[[ DATASET EXCERPTS, beginning ]]

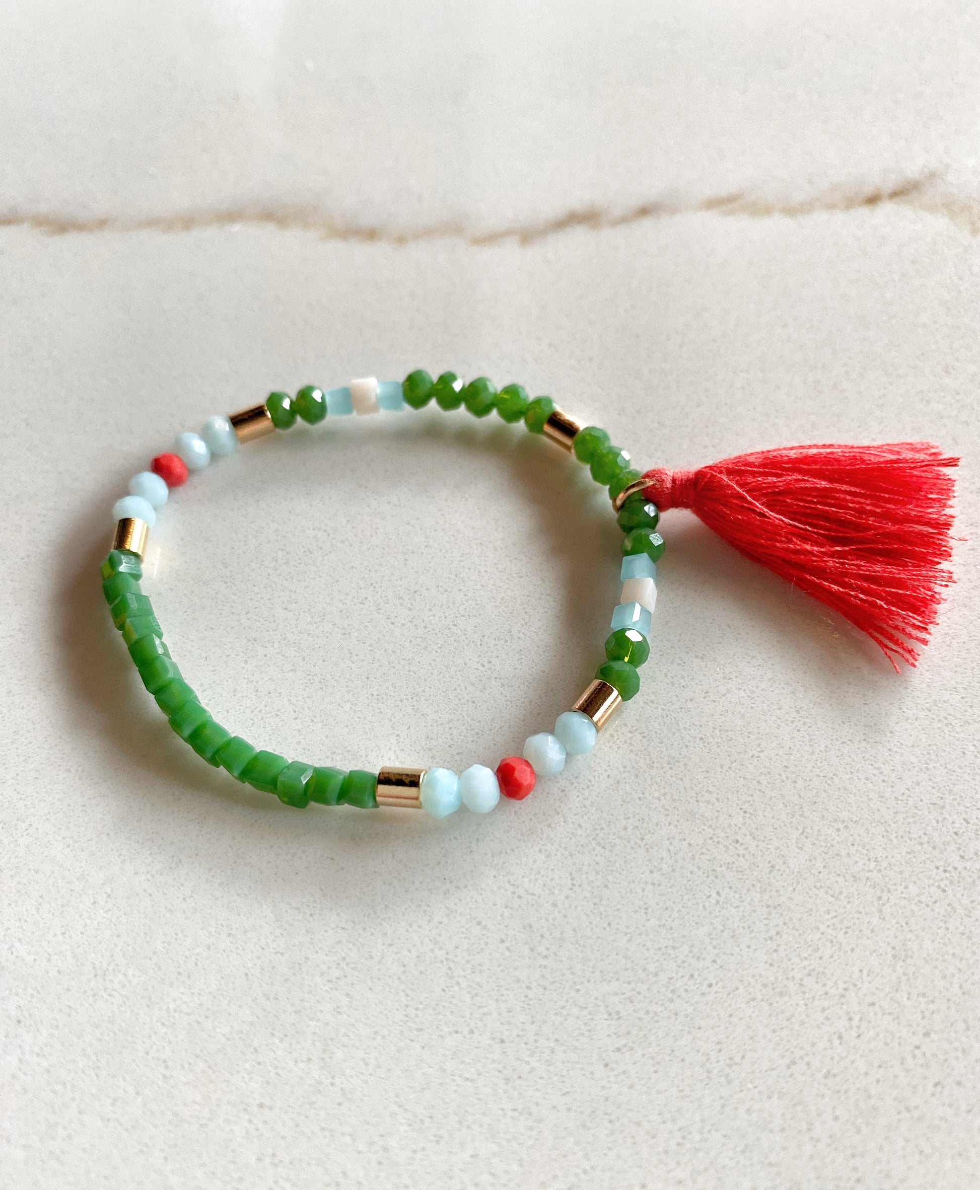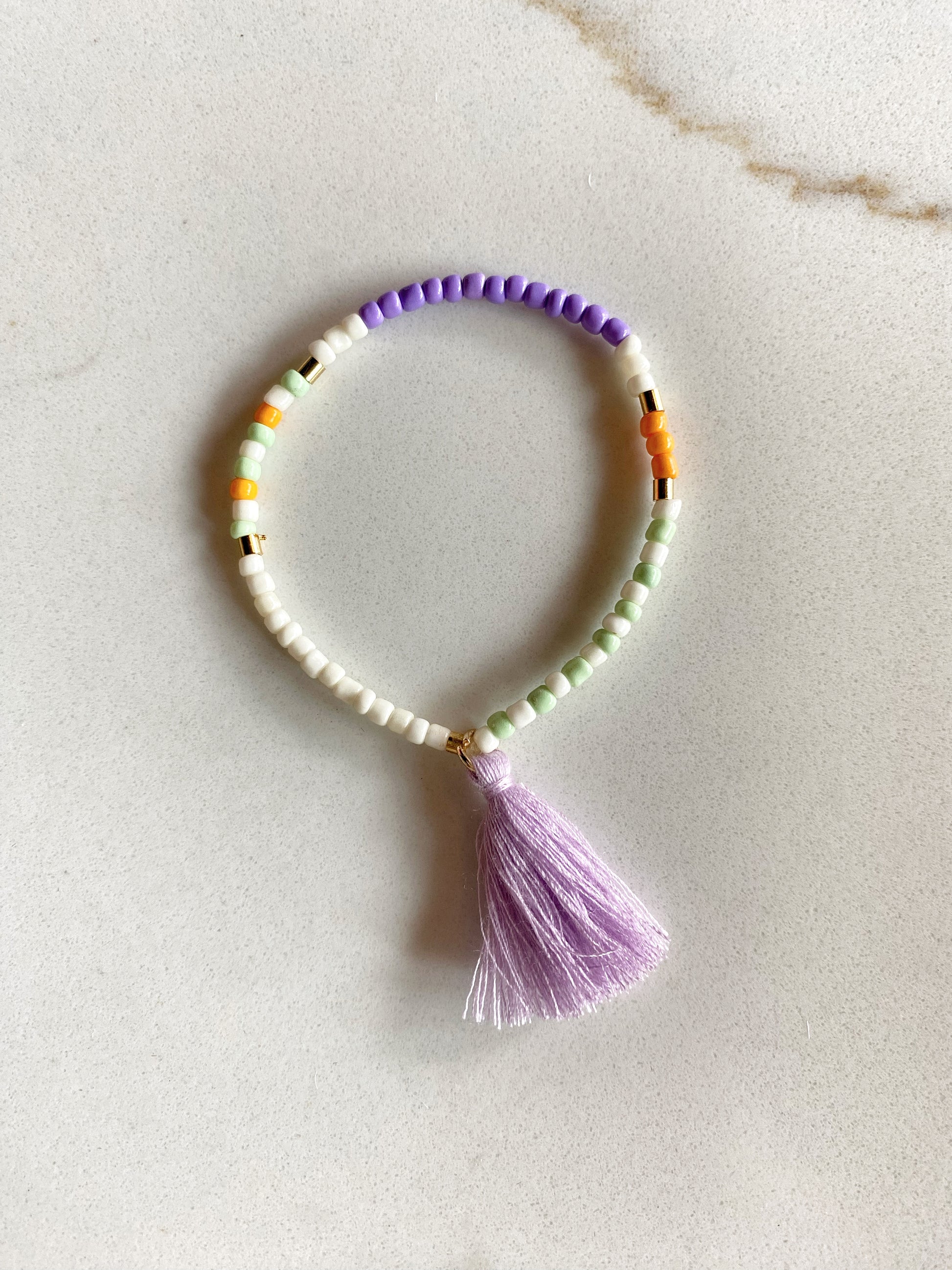 Crafted with colorful glass beads, our tassel stacking bracelets add a playful touch to any outfit. These stretch bracelets are perfect for easy, everyday wear.
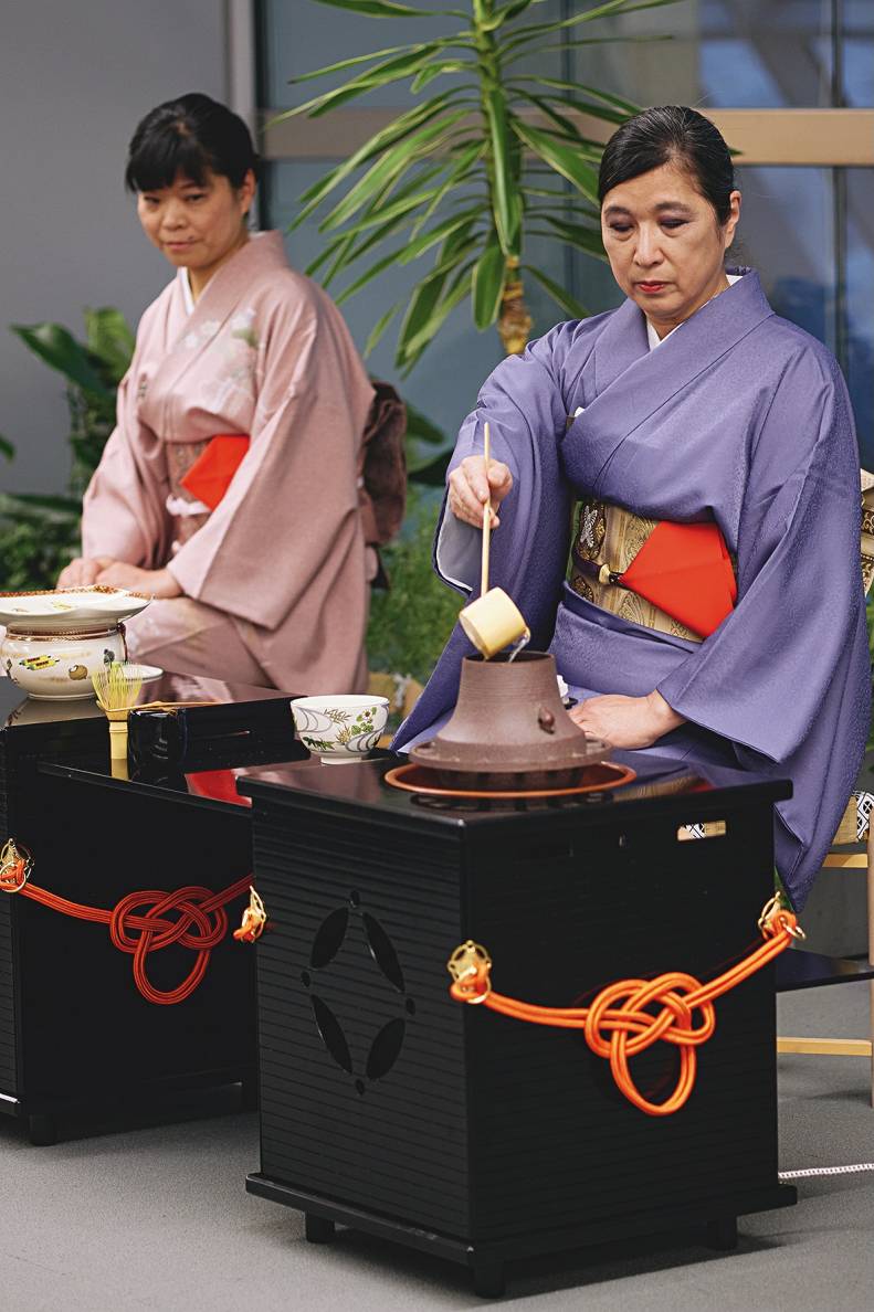 - Ar labās rokas īkšķi un rādītājpirkstu notīra uz tases malas atstātās lūpu pēdas. Pirkstus noslauka saldumu papīrā (tos uz papīra pasniedz ceremonijas sākumā). Tad ar labo roku bļodu divas reizes pagriež pretēji pulksteņrādītāja kustības virzienam, lai tās glītākais elements atkal būtu vērsts pret viesi, un atdod namatēvam.
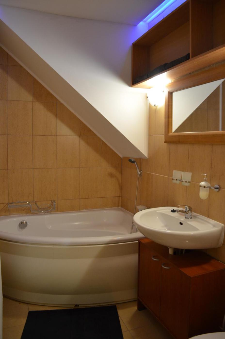 Apartament z 2 sypialniami. Guests will have a special experience as this apartment provides a fireplace. Featuring a private entrance, this apartment is comprised of 1 living room, 2 separate bedrooms and 1 bathroom with a bath and a hairdryer. Guests will find a stovetop, a refrigerator, kitchenware and a microwave in the kitchen. The apartment also has a barbecue. Boasting a terrace with garden views, this apartment also offers a seating area and a flat-screen TV with satellite channels. The unit offers 4 beds. Apartament - 4 osobowy. Powierzchnia pokoju ok.: 50 mkw.
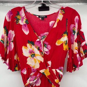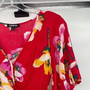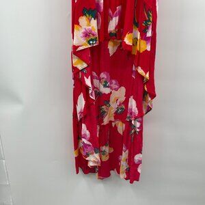 Express Womens Floral Hi Low Wrap Dress Short Sleeve Red/Multi Size XS
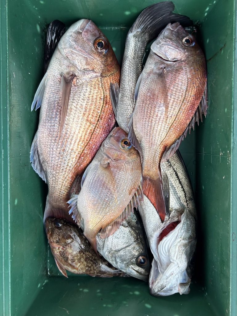 朝の潮変わりの時合に鯛をポツポツと釣れてその後はサッパリ
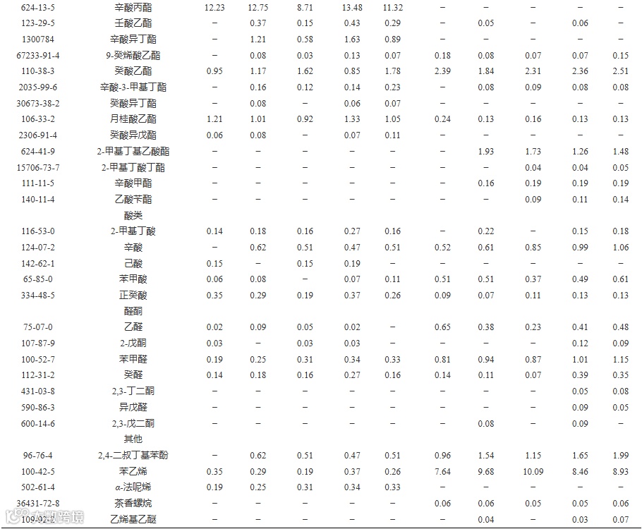 Table 4 Contents of volatile compounds of Aronia melanocarpa compound wine
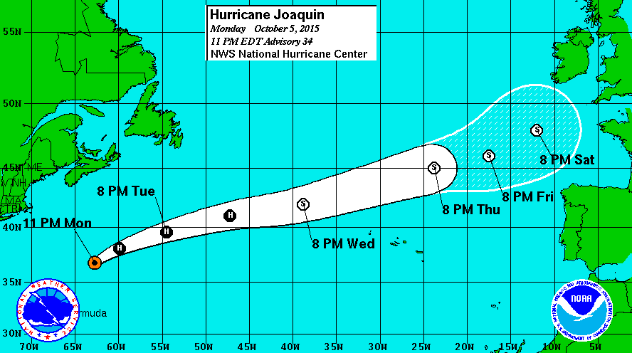 Hurricane Joaquin brushed near to Bermuda on Sunday with gusts over 70mph, heavy rain and large swell affecting the Atlantic island. It's path NW keeps it far away from continental land, no warnings from the Canadian Met. Service and it will continue tracking towards W.Europe for the end of this week.
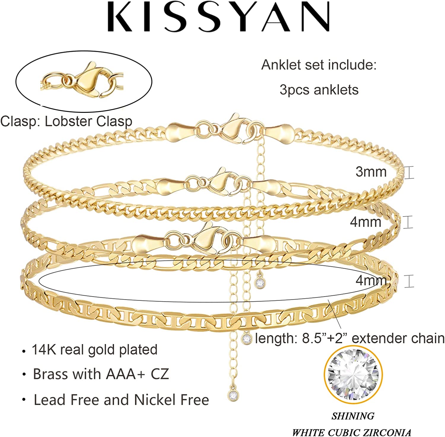 - [Ankle Bracelets for women]: The gold anklets set includes 3pcs, Thin gold cuban link anklet & gold figaro anklet & stud anklet. You can wear it alone or stack.
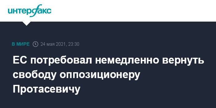 Москва. 24 мая. INTERFAX.RU - Лидеры стран ЕС требуют незамедлительно освободить белорусского оппозиционного активиста и блогера Романа Протасевича, а также его подругу, гражданку России Софию Сапегу.

[[ DATASET EXCERPTS, end ]]

DIRECTIONS FOR THIS TASK - Transcribe each entry exactly; images stay out.

ANSWER FOR THE TASK -
 Crafted with colorful glass beads, our tassel stacking bracelets add a playful touch to any outfit. These stretch bracelets are perfect for easy, everyday wear.
 - Ar labās rokas īkšķi un rādītājpirkstu notīra uz tases malas atstātās lūpu pēdas. Pirkstus noslauka saldumu papīrā (tos uz papīra pasniedz ceremonijas sākumā). Tad ar labo roku bļodu divas reizes pagriež pretēji pulksteņrādītāja kustības virzienam, lai tās glītākais elements atkal būtu vērsts pret viesi, un atdod namatēvam.
 Apartament z 2 sypialniami. Guests will have a special experience as this apartment provides a fireplace. Featuring a private entrance, this apartment is comprised of 1 living room, 2 separate bedrooms and 1 bathroom with a bath and a hairdryer. Guests will find a stovetop, a refrigerator, kitchenware and a microwave in the kitchen. The apartment also has a barbecue. Boasting a terrace with garden views, this apartment also offers a seating area and a flat-screen TV with satellite channels. The unit offers 4 beds. Apartament - 4 osobowy. Powierzchnia pokoju ok.: 50 mkw.
 Express Womens Floral Hi Low Wrap Dress Short Sleeve Red/Multi Size XS
 朝の潮変わりの時合に鯛をポツポツと釣れてその後はサッパリ
 Table 4 Contents of volatile compounds of Aronia melanocarpa compound wine
 Hurricane Joaquin brushed near to Bermuda on Sunday with gusts over 70mph, heavy rain and large swell affecting the Atlantic island. It's path NW keeps it far away from continental land, no warnings from the Canadian Met. Service and it will continue tracking towards W.Europe for the end of this week.
 - [Ankle Bracelets for women]: The gold anklets set includes 3pcs, Thin gold cuban link anklet & gold figaro anklet & stud anklet. You can wear it alone or stack.
 Москва. 24 мая. INTERFAX.RU - Лидеры стран ЕС требуют незамедлительно освободить белорусского оппозиционного активиста и блогера Романа Протасевича, а также его подругу, гражданку России Софию Сапегу.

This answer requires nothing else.